Another thing we found with Eurotunnel is you can change the travel dates at any time, you have to be careful though you have to pay the difference. We had the idea of just booking the outward trip then book the return a few weeks in advance of returning (our daughter could book & post the vouchers) BUT you can't book a trip starting in Calais so make sure you book the return at the same time. As there is a strong likelyhood that we might have to come back early we booked a more expensive crossing for the return to give us some flexability on getting a crossing, the price increases the nearer you are to the date of travel.


----------



## runnach (Jan 14, 2012)

If you intend using sites and want the bells and whistles for a couple of nights during your tour it might be worth trying Eurocamp independant.

I have no idea how competitive they are or their t&c,s but just a thought;

Channa


----------



## Dezi (Jan 15, 2012)

Hi, The Murvi is 6.0 m long & 2.4 m H, cheapest quotes I found this morning for Sunday March 25 out Saturday May 5 back  were:-

Norfolk line, Dover Dunkerque £83 - P&O, Dover Calais £107

Coming back on Sunday the 6 bumped the price up by £20.

Dezic:


----------



## maingate (Jan 15, 2012)

You originally came in to the UK in the back of a lorry Dexy. :ninja:

Oh how times have changed. :lol-049:


----------



## Neckender (Jan 15, 2012)

Just booked dfds seaways Dover/ Dunkirk return 3 weeks June, July. £32 each way up to 8 metre motorhome. plus £30 for the pooch so total £92.

So Germany & France here we come.:drive:

John.


----------



## MOS (Jan 15, 2012)

must admit DFDS get my money regularly ,i go through the motions each time but find they take some beating ,used LD lines when they where operating on ocasions but the old norfolk line kept them on their toes ,i can see things getting pricey if the competition dosent increase :danger:


----------



## jennyp19 (Jan 15, 2012)

Thanks for the tip on Tesco vouchers.  I've just spent mine on a Kindle, but will take note for next time.


----------



## fairytooth (Jan 16, 2012)

macbob said:


> I took my motorhome through the tunnel 2 weeks ago only took 35 minutes and cost £42 each way and I enjoyed the comfort of my motorhome throughout the journey.

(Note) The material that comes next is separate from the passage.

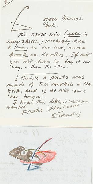 | Two letters, referring to a mobile "Red and Black Planes", with ink and crayon sketch, dated 1952, framed as one. | |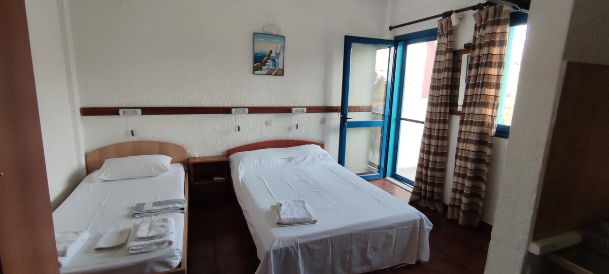 All studio are full of light and airy, for a pleasant & joyful stay. Each of the above types has a fully equipped kitchen with a refrigerator to facilitate preparation of any food or beverage. Moreover there is available free Wi-Fi & air-condition. The room balconies are shaded with their own furniture and chairs on which you can enjoy the spectacular view of the azure sea. The layers are anatomical and have the firm of coco-mat. Items additionally supplied: a device for ironing and a hairdryer

Totally agree.  I took the plunge and bought the frequent traveller deal.  10 single trips to be used within a year from first trip.  Size of M/H makes no difference.  Great if you have animals to take.  Just sit back and enjoy the ride.  Just have to switch off the LPG and that's it.  Easy Peasy.  Have nice snooze, watch a film, whatever and 30 mins later voila!  Bienvenue a France.

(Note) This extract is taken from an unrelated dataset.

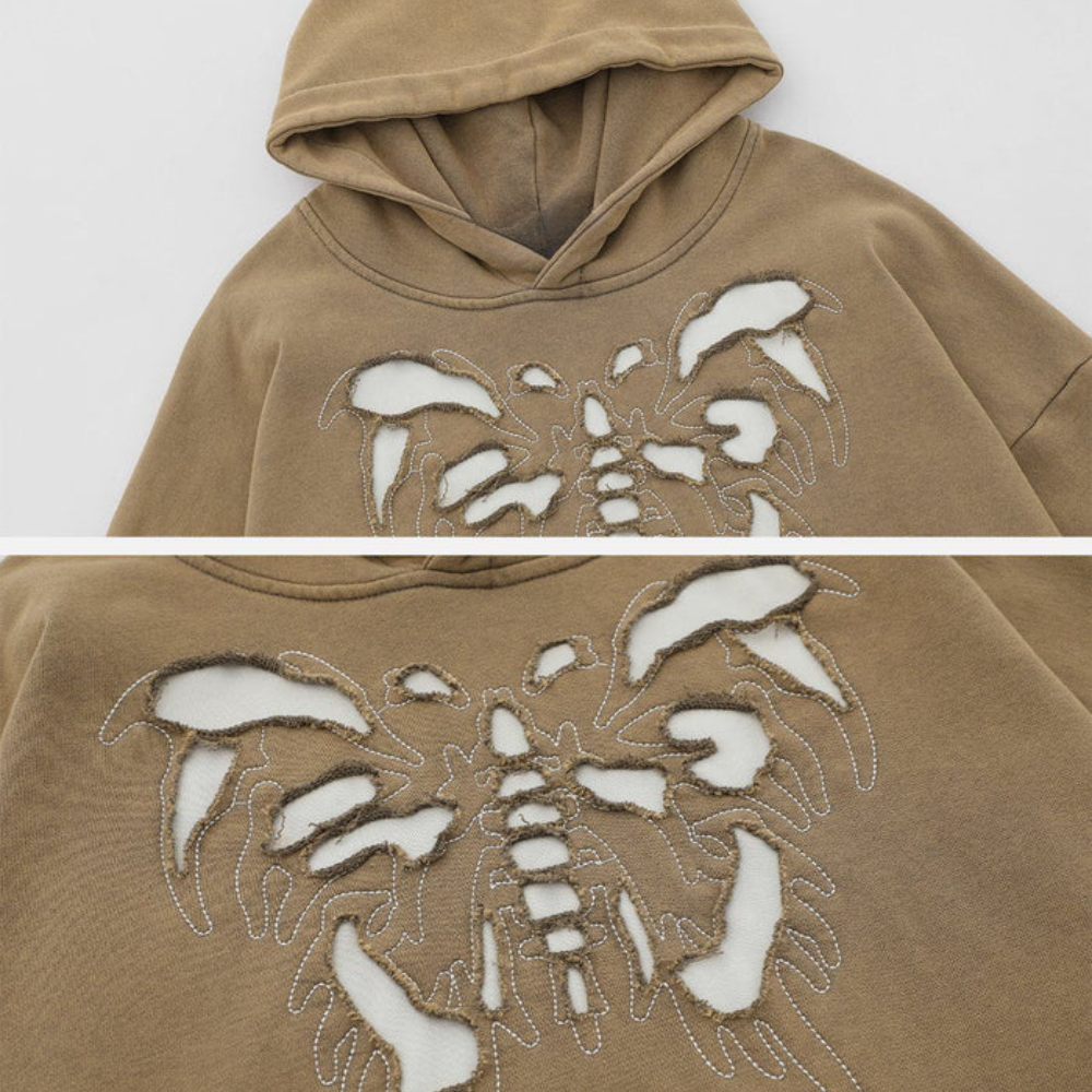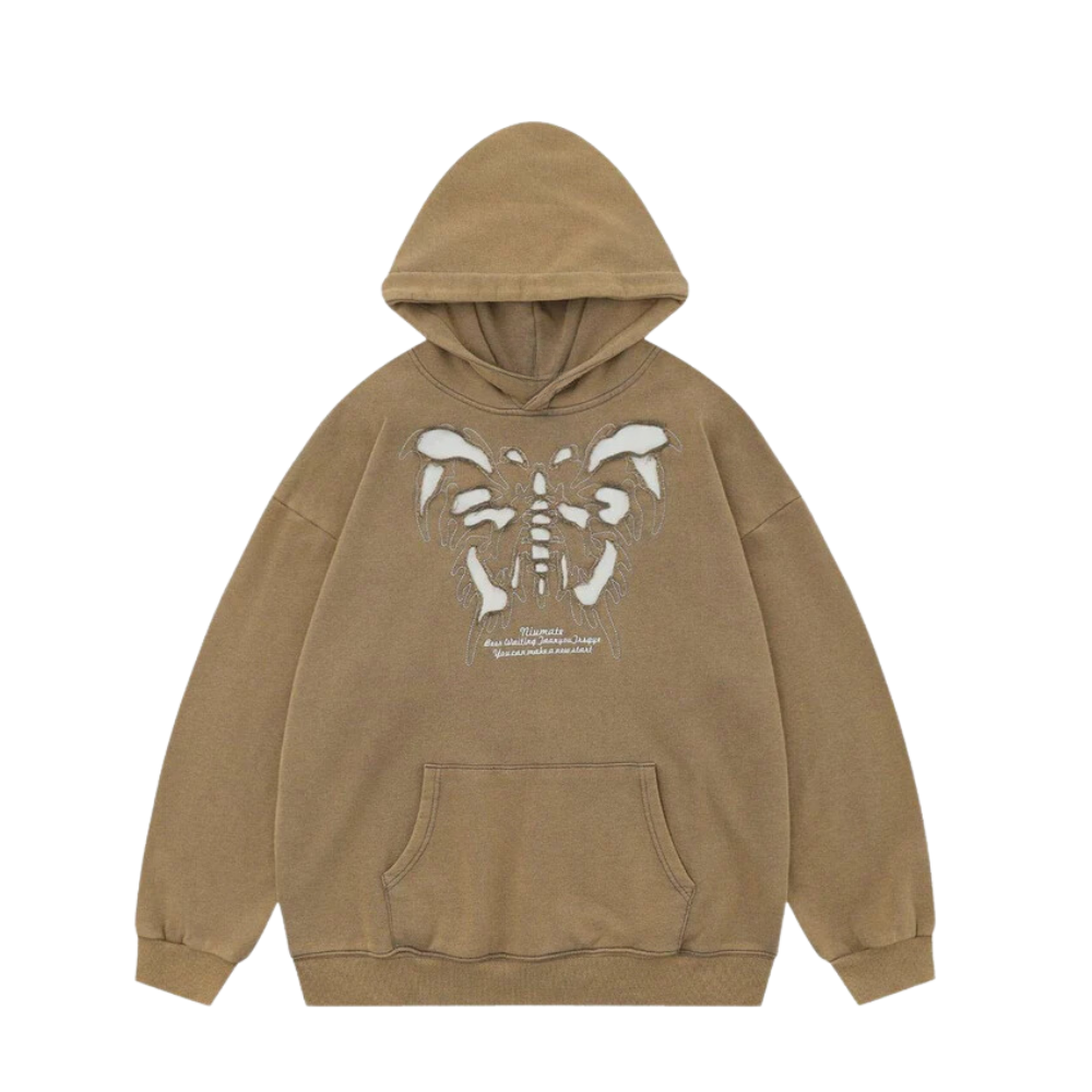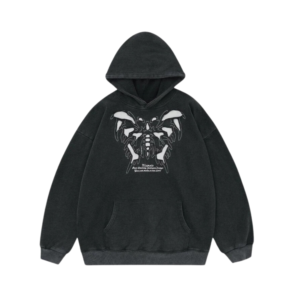 Elevate your street style with our unique and eye-catching "Washed Skeleton Butterfly" Hoodie. Made from high-quality materials, this hoodie features a washed black color with a bold and intricate skeleton butterfly design on the front. The washed effect adds a touch of edginess to the overall look, making it a must-have for any fashion-forward individual.

And when that old Channel weather gets really nasty - still nice and cosy! :raofl::raofl::raofl::raofl::raofl:

And if you get your check in timing wrong, makes no difference with 3 or 4 crossings an hour.  Just jump on the next one.


----------



## berniesbargreece (Jan 16, 2012)

*Multi trip offer*

Hi guys, I have just been looking at the DF DS seaways website and they offer multitrip deals starting from £19 one-way if you buy 12+ crossings. I would be happy to buy a multi-trip package but wondered how many people on this website may want to use them? These deals are totally transferable to anyone, and are completely open  ison dates etc this. There are restrictions on some dates, however the deal would be open for 12 months and would run until December 30, 2011. I think it's a fantastic offer that could benefit everybody on the wild camping website. Comments please.


----------



## oldpolicehouse (Jan 17, 2012)

berniesbargreece said:


> Hi guys, I have just been looking at the DF DS seaways website and they offer multitrip deals starting from £19 one-way if you buy 12+ crossings. I would be happy to buy a multi-trip package but wondered how many people on this website may want to use them? These deals are totally transferable to anyone, and are completely open  ison dates etc this. There are restrictions on some dates, however the deal would be open for 12 months and would run until December 30, 2011. I think it's a fantastic offer that could benefit everybody on the wild camping website. Comments please.



Hello
I take it you mean the deal would run until Dec 2012.
The price you quote only applies to vehicles under 5 meters long and less than 2.4 high. Think you would find it a lot of hassle to save a small amount of money.

I think if you live in the north of England its well worth considering P & O crossing from Hull to Zeebrugge especially if you have a vehicle which is heavy on fuel. I travel regularly to Heidelberg in Germany (have family there). Hull to Zeebrugge cuts my journey by 292 miles saving about £60 (each way) in fuel. Overall it still costs me about £40 more but I consider this a good deal to avoid the awful drive down to Dover and we enjoy the overnight crossing although we have been fortunate to avoid foul weather.

Blue Skies


----------



## Dude (Feb 27, 2012)

*Cheapest solution : rent a campervan in France*

Hi there,

Maybe the cheapest solution is to rent a campervan in France!
If you fly from London to Lyon, we can pick you up to the airport and from here, you start directly your roadtrip from Lyon with a Blacksheep-van motorhome. All our camper van are brand new Volkswagen T5. (Info and booking at blacksheep-van.com)

Indeed, it's interesting only if you plan a holidays in the French Alps or the Riviera...

Enjoy the summer and try the adventure of a roadtrip with Blacksheep!


----------



## barryd (Feb 27, 2012)

Dude said:


> Hi there,
> 
> Maybe the cheapest solution is to rent a campervan in France!
> If you fly from London to Lyon, we can pick you up to the airport and from here, you start directly your roadtrip from Lyon with a Blacksheep-van motorhome. All our camper van are brand new Volkswagen T5. (Info and booking at blacksheep-van.com)
> ...



Nice try but I think you will have a hard job convicing people on here that it will work out cheaper to leave their motorhome at home and fly in and rent one of yours! :raofl:


----------